Maiduguri-Ganboru Ngala road needs urgent attention

Maiduguri-Ganboru Ngala road needs urgent attention


For decades, the Maiduguri–Gamboru Ngala road served as one of the most vital arteries in Nigeria’s North-eastern economy. Stretching from the Borno state capital to the border town of Gamboru Ngala, this route once pulsed with life—supporting trade, agriculture, social connection, and humanitarian response. Today, it is largely forgotten, neglected, and broken.

The irony is painful: a road so critical to both commerce and security is also one of the most abandoned. Ask anyone who has dared to travel that axis recently and you’ll hear stories of potholes so deep they resemble trenches, checkpoints so many they feel like barriers, and security threats so constant that the journey becomes a gamble with one’s life.

This is not just a matter of transportation. It is a matter of survival—for border communities like Dikwa, Mafa, Logomani, and Ngala, whose access to food, medical supplies, education, and development depends heavily on this single road.

Before Boko Haram’s insurgency turned the northeast into a battlefield, the Maiduguri–Gamboru road was a trade route that linked Nigeria to Central Africa. It connected us with Cameroon, Chad, and beyond. Livestock, onions, grains, and textiles moved freely. Local farmers found buyers. Businesses thrived. But all that is a distant memory.

Now, humanitarian agencies operating in Borno rely heavily on this road to reach millions of internally displaced persons (IDPs).
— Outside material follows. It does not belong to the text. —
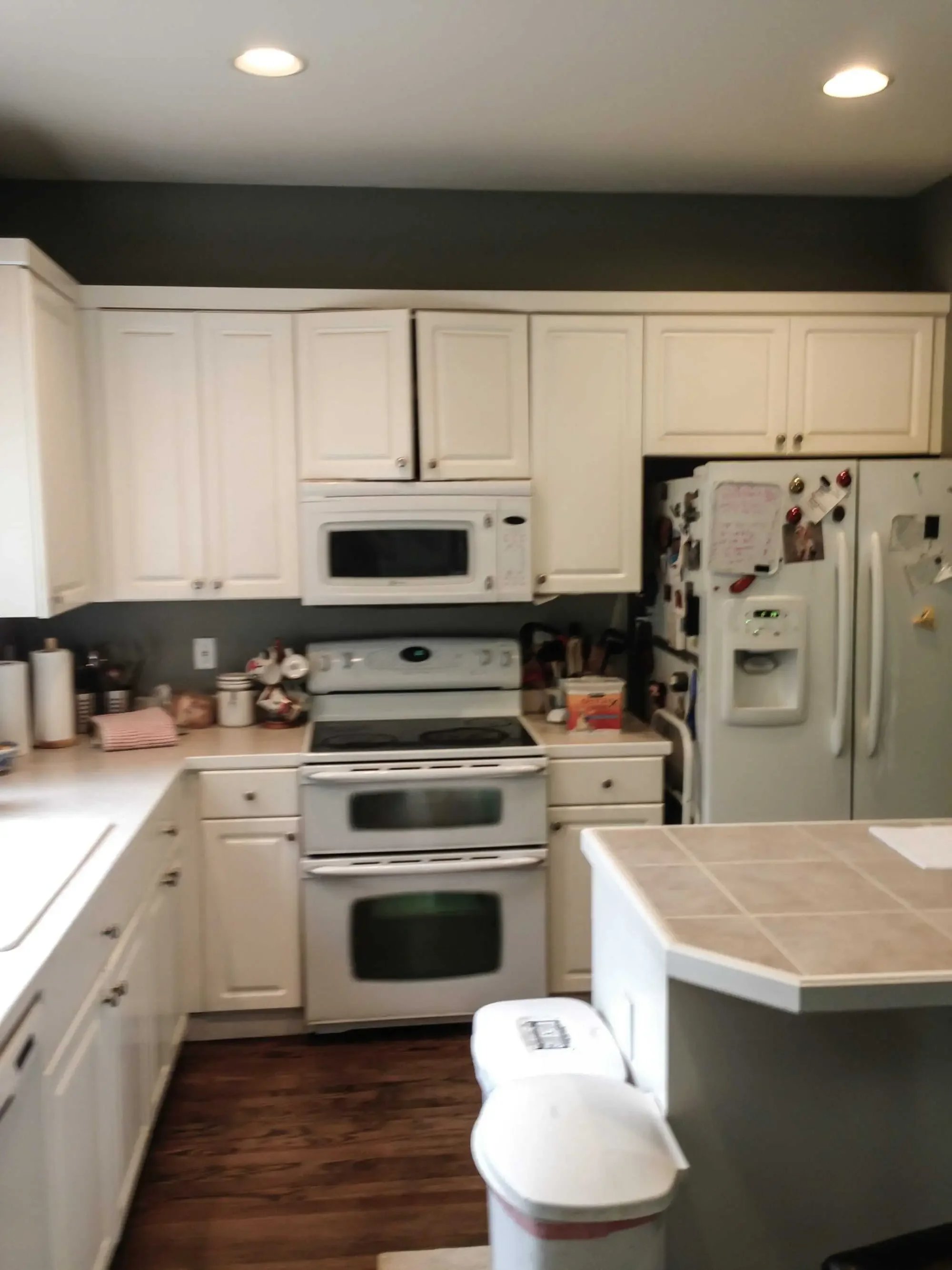 In the picture above, you can see that we took advantage of the home's 9' ceilings by stacking an extra row of 15" tall cabinets on top. In previous decades, the common school of thought was to keep all the cabinets low and within reach, so they would either drop the ceiling, build a soffit, or just leave an empty space above the cabinets, as was the case in the original kitchen.

Yet, every aid delivery is delayed or rerouted because the road has become a logistical nightmare. Trucks get stuck. Convoys move in fear. And communities wait days or weeks for the help they desperately need.

The federal and state governments often tout their commitment to reconstruction in the northeast, but how do you rebuild without roads? How do you rehabilitate displaced people if they cannot return home safely or receive regular support? Infrastructure is not an afterthought—it is the foundation of recovery.

Even the security argument falls flat here. A functional, well-maintained road doesn’t just serve civilians—it helps military and law enforcement patrol effectively, respond to threats quickly, and build presence in once-isolated regions. Bad roads give terrorists the upper hand; good roads give the state a fighting chance.

Sadly, attention and funding continue to be directed toward urban and more politically visible projects—airports, railways, and bridges in cities—while the rural northeast remains a ghost on the government’s development radar. The Maiduguri–Gamboru road is not glamorous. It will not trend on social media. But it matters, deeply.

There are also economic costs to this negligence. Traders from Gamboru Ngala and surrounding LGAs now pay exorbitant transport fees just to get their goods to Maiduguri. Many vehicles refuse to ply the route. Others break down and are abandoned mid-journey. These costs are passed down to already struggling consumers.

The ripple effects touch everything—education, as children cannot access schools in nearby towns; healthcare, as pregnant women are forced to travel impossible distances to reach hospitals; commerce, as markets shrink from lack of supplies and buyers.

And yet, not once in the last two years has the federal government listed the Maiduguri–Gamboru road among its priority reconstruction projects. When public works are mentioned in Borno, they are usually centered on Maiduguri metropolis or the more visible Maiduguri–Damaturu highway. It’s as though the border towns have been written off.

It is also a test of our sincerity in regional integration. If we cannot maintain one of our most important land trade corridors to Cameroon and Chad, then what is the point of ECOWAS or African Continental Free Trade Area (AfCFTA) ambitions? Border trade begins with border infrastructure.

Let’s be clear: rebuilding the Maiduguri–Gamboru Ngala road is not an act of charity—it is a national duty. A functional northeast means a stronger Nigeria. A connected Ngala is a connected nation.

Community leaders, youth groups, traditional rulers, and civil society organizations in Borno have consistently called for this road to be fixed. But they have been met with silence, bureaucracy, or vague promises. How much longer should these communities wait?

If the road were in Abuja or Lagos, it would be under reconstruction within weeks. But in the northeast, communities must beg for what should be automatic. This is the painful injustice of Nigeria’s development imbalance.

The Ministry of Works, North East Development Commission, and federal legislators representing Borno have a duty to speak out and act now. The 2026 budget should not pass without a clear allocation for the Maiduguri–Gamboru road. Not just penciled in for future planning—but funded, contracted, and monitored.

Because no matter how well we speak of peace, progress, and recovery, it all means nothing if we can’t even fix the road that leads to those ideals.

The Maiduguri–Gamboru Ngala road is not forgotten because it is unimportant. It is forgotten because we allowed it to be. It’s time we remembered.